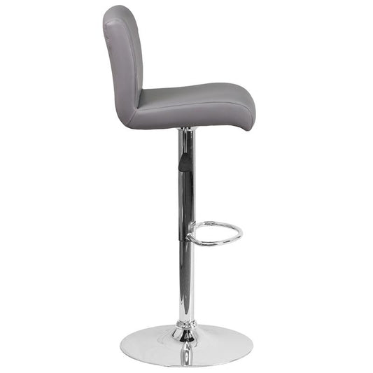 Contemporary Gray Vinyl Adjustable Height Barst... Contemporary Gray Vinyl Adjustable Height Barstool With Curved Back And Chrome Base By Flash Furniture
...
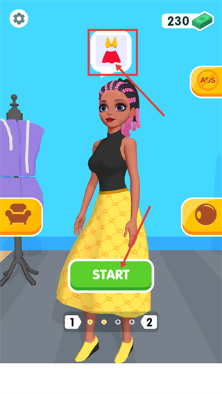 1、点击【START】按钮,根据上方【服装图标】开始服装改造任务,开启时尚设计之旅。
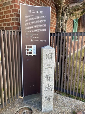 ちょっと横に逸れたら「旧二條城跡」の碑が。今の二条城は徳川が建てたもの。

About this task: Among the entries above, copy exactly the stretch from the line holding "1、点击【START】按钮,根据上方【服" through the line holding "ちょっと横に逸れたら「旧二條城跡」の碑が。今の二条城は徳川が建てたもの。", leaving out any pictures.

Exercise result:
 1、点击【START】按钮,根据上方【服装图标】开始服装改造任务,开启时尚设计之旅。
 ちょっと横に逸れたら「旧二條城跡」の碑が。今の二条城は徳川が建てたもの。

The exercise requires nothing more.